O COMBATE À INTIMIDAÇÃO SISTEMÁTICA NAS ESCOLAS

A Lei 13.185/2015, conhecida como lei antibullying, institui o Programa de Combate à Intimidação Sistemática – o bullying – e determina que estabelecimentos de ensino, clubes, e agremiações recreativas assegurem medidas de conscientização, prevenção, diagnóstico e combate a este tipo de violência. Uma das propostas é a capacitação de docentes e equipes pedagógicas para a implementação de ações de discussão, prevenção, orientação e solução do problema.

Bullying é a prática de ato de violência física ou psicológica, intencional e repetitivo, praticado por indivíduo ou grupo, contra uma ou mais pessoas, com objetivo de intimidar ou agredir, causando dor e angústia à vítima. A nova norma também destaca a prática do cyberbullying, configurado quando se utiliza a Internet para depreciar, incitar a violência, adulterar fotos e dados pessoais, com o intuito de criar meios de constrangimento psicossocial.

Basta fazer um exercício mental e observar que o bullying já existe há bastante tempo. Talvez desde os tempos em que a diretoria e os docentes restringiam os atos prejudiciais à rotina escolar, especialmente os de agressão aos mais vulneráveis. Por outro lado, o cyberbulling é um comportamento característico da sociedade digital para a qual o conteúdo, a informação é o principal elemento de riqueza. Mas por que só agora surge uma lei? Estaria a preocupação no fato de que o enfraquecimento do rigor nas escolas e o surgimento do bullying, adicionados às tecnologias cada vez mais disponíveis, pudessem ser capazes de causar agressões em massa?

De qualquer modo, para não serem responsabilizadas no âmbito civil, as organizações e, especialmente as escolas, deverão capacitar todo o corpo docente, equipe pedagógica e demais funcionários para que ampliem a observação no comportamento dos alunos e ajam efetivamente de modo a combater qualquer tipo de ofensa que o possa caracterizar o bullying. Isto é, prover uma capacitação que permita identificar comportamentos como o de uma criança que é ofendida por um colega e demonstra que não gostou da brincadeira, mas continua a ser ofendida e saber que é a intenção de ofender e a reiteração do ato ofensivo que caracterizarão o bullying.

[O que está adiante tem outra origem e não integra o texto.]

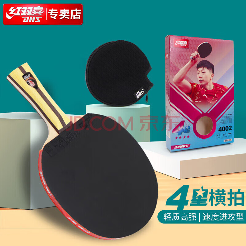 商品相册:红双喜DHS狂飚四星横拍双面反胶乒乓球拍单拍成品拍H4002第

Recomenda-se a realização de campanhas de conscientização, formação e orientação que poderão contar com ações que vão desde a afixação de cartazes até a confecção e distribuição de cartilhas ou até mesmo a realização de palestras e dinâmicas para os alunos. Outro fator importante é trabalhar o tema na matriz curricular como por exemplo, em textos ou enunciados de problemas, de modo a levar o aluno à reflexão. Por fim, não menos importante é que a escola envolva as famílias nas ações desenvolvidas.

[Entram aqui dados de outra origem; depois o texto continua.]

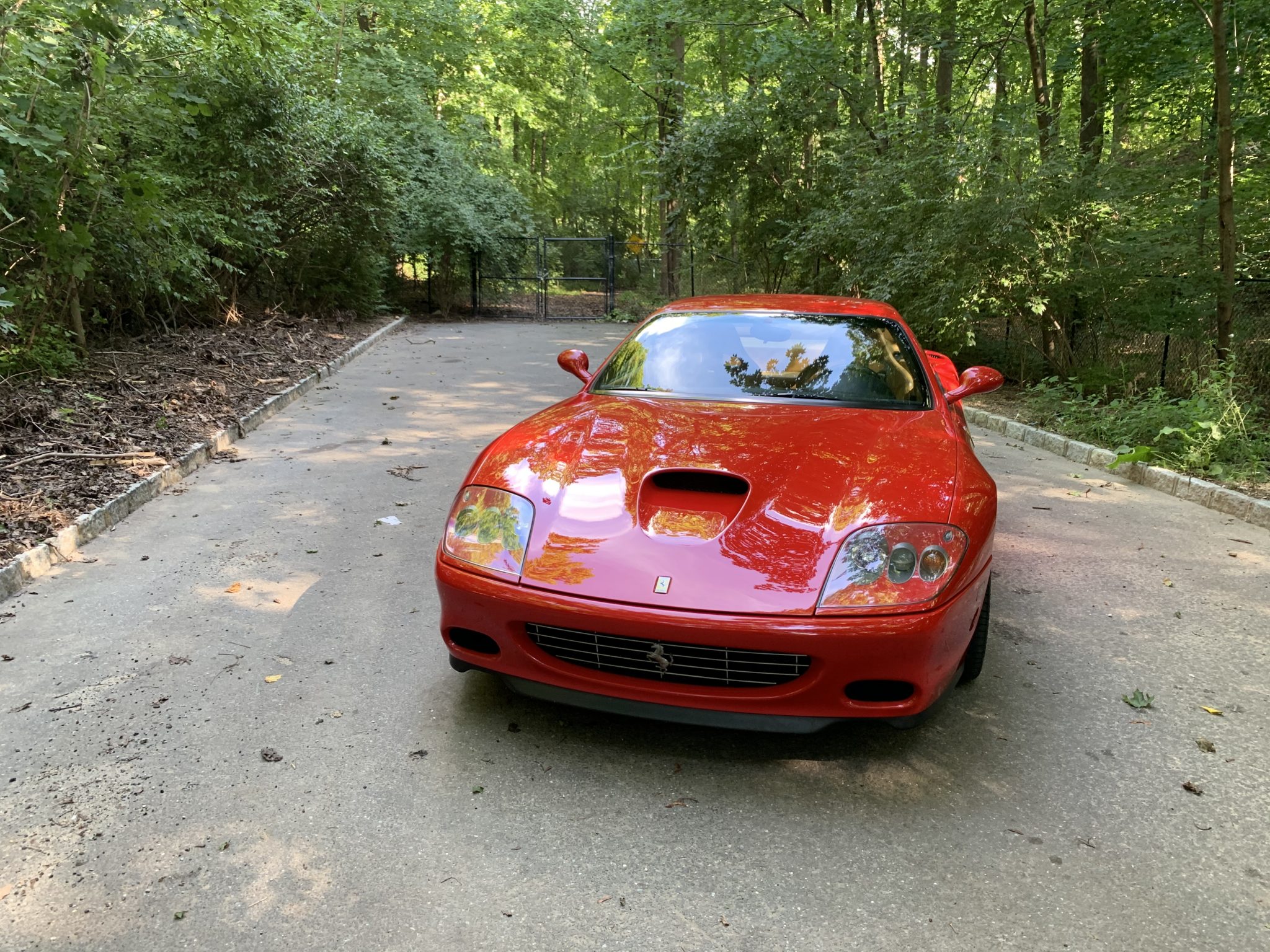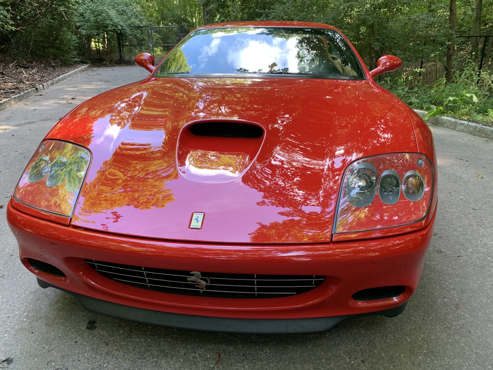 19″ two-piece wheels are wrapped in Pirelli P Zero tires measuring 255/35 up front and 305/30 out back. Braking is handled by cross-drilled and ventilated rotors paired with yellow calipers at all four corners, and this example is fitted with the Fiorano handling package consisting of a stiffer rear stabilizer bar, springs, and bushings as well as quicker steering ratio courtesy of a re-tuned power steering computer. Service in 2015 reportedly included replacing the shock absorber control unit and the Skyhook suspension control computer.

Mas como combater o cyberbullying? O cyberbullying pode ter alta escalabilidade, uma vez que as informações publicadas podem ser rapidamente compartilhadas nas redes sociais e tornando-se virais. As consequências podem ser devastadoras, marcando profundamente a vítima e podendo, em casos extremos, conduzir ao suicídio. As ações mais comuns são a criação de blogs para denegrir a imagem de uma pessoa ou grupo, montagens de fotos e/ou vídeos ridicularizadores e as ameaças por meio das redes sociais.

Neste caso a melhor medida é a prevenção que poderá ser feita com orientação das crianças e o envolvimento da família. Ações que vão desde a preparação de uma aula especial até a abordagem do assunto em reunião de pais podem ser eficientes. Outra alternativa é apresentar aos alunos o depoimento de pessoas que já foram vítimas.

A nova legislação surge como uma peça complementar às normas previstas no Estatuto da Criança e do Adolescente, no Marco Civil da Internet, bem como às previstas no Código Penal, no sentido de impor a implementação de medidas para mitigar os riscos de judicialização de conflitos envolvendo crianças e adolescentes.